Читали вы на катках? Весёлых, ледовых, украшенных новогодними гирляндами катках? Нет, не думаю, что читали вы там что-то вроде стихов и сами стихи, и тем более свои. Было бы странно, не говоря уже об общем сюрреализме ситуации.
Если б вы только знали, где приходилось читать… вспомнить страшно. Особенно памятны места, где ни о какой поэзии и подумать было нельзя, так они были не то, что не приспособлены к ней, но исключали её заранее всей своей «внутренней архитектоникой». Например, сытый бюргерский ресторан в Хамовниках. Сущий подвал, где в полутьме звякали какие-то вилки, и пахло чем-то… целым букетом запахов, где роль тубы-геликона исполняли мясные изделия, а сопровождали его ударно и скрипичным образом некие загадочные травы и преображённые паркой и варкой корнеплоды. Было в том подвале и спиртное, и нотки его доносились до приглашённой одним, так сказать, «меценатом» компании.

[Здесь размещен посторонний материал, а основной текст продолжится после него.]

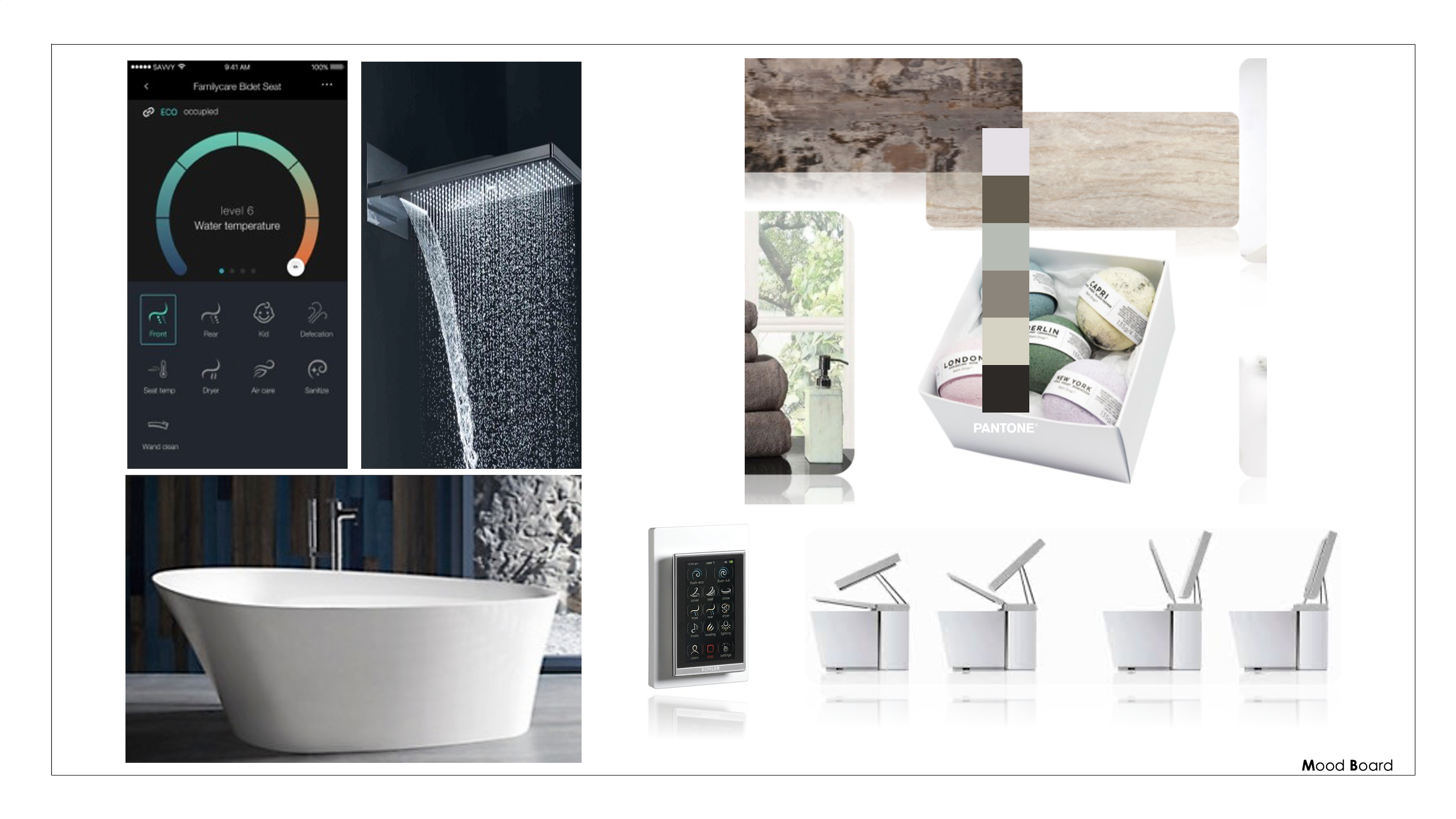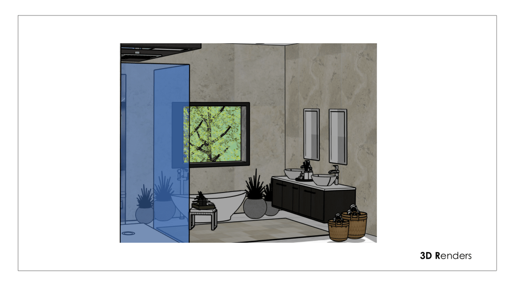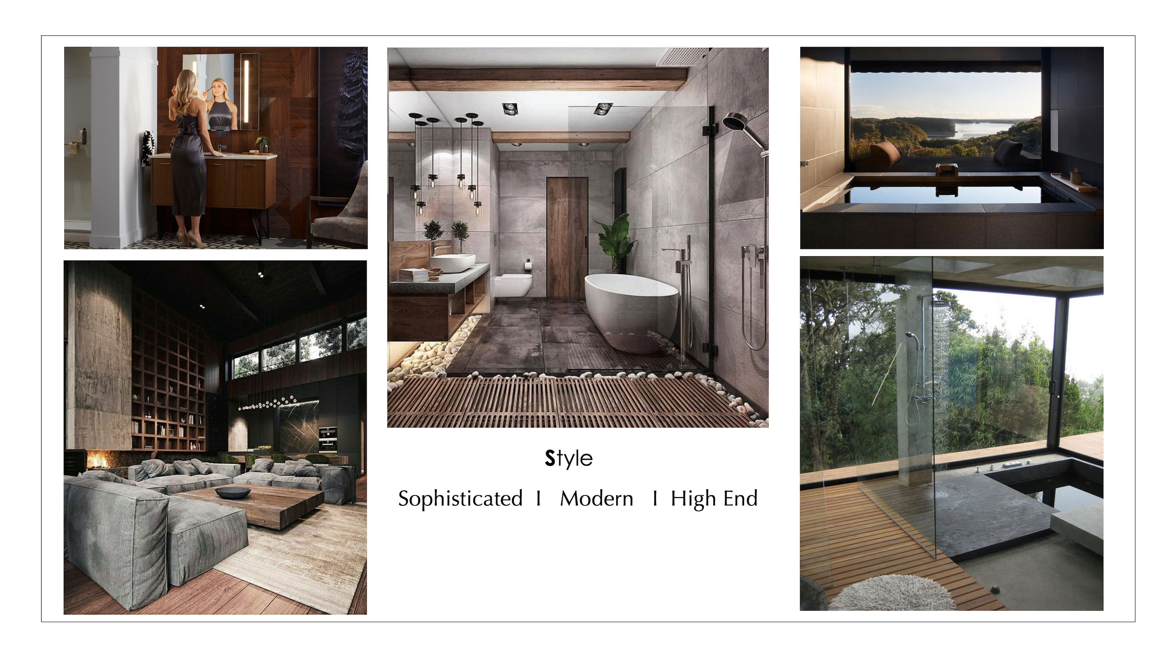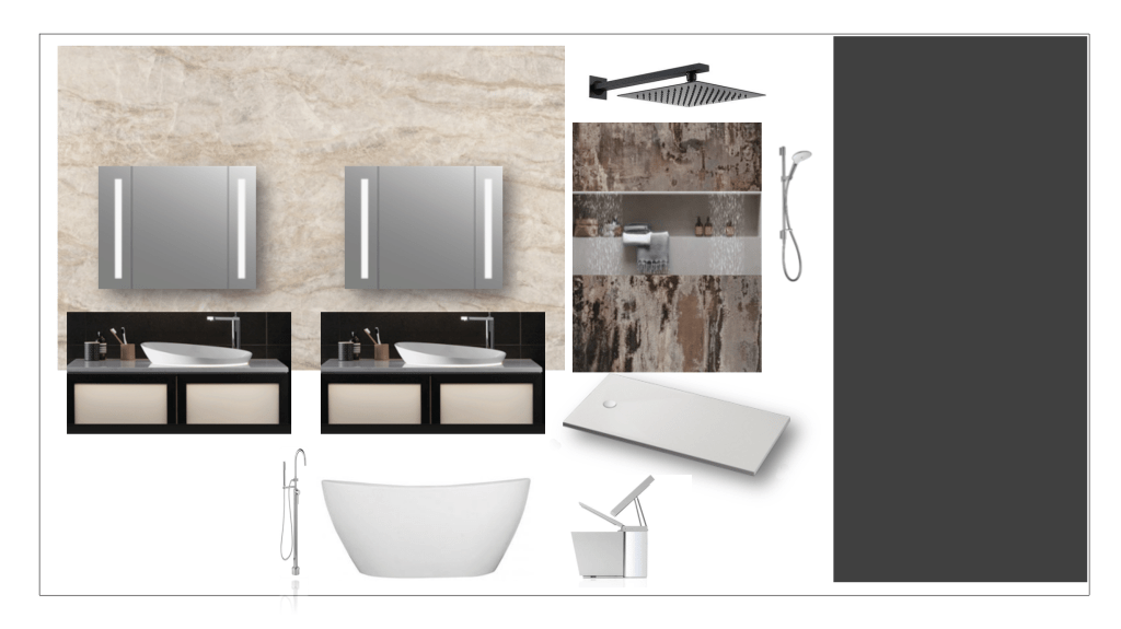 Para este proyecto el diseño del baño se define simplemente por su apariencia: líneas rectas y limpias, espacios de encimera despejados y formas geométricas; donde la nueva tecnología juega un papel importante en el proceso de diseño.

Меценат, к слову, изрядный циник, ничем поэтов не угостил, а ограничился тем, что допустил их в своё святилище, но такое вполне в обычае меценатов.
Надо сказать, что поэт – существо ситуативное, мгновенно адаптирующееся к любой обстановке, а если и входящее с ней в жёсткий, как выразились бы профессиональные боксёры, «клинч», исключительно с целью подчеркнуть контраст, что тоже, в общем-то акт эстетический.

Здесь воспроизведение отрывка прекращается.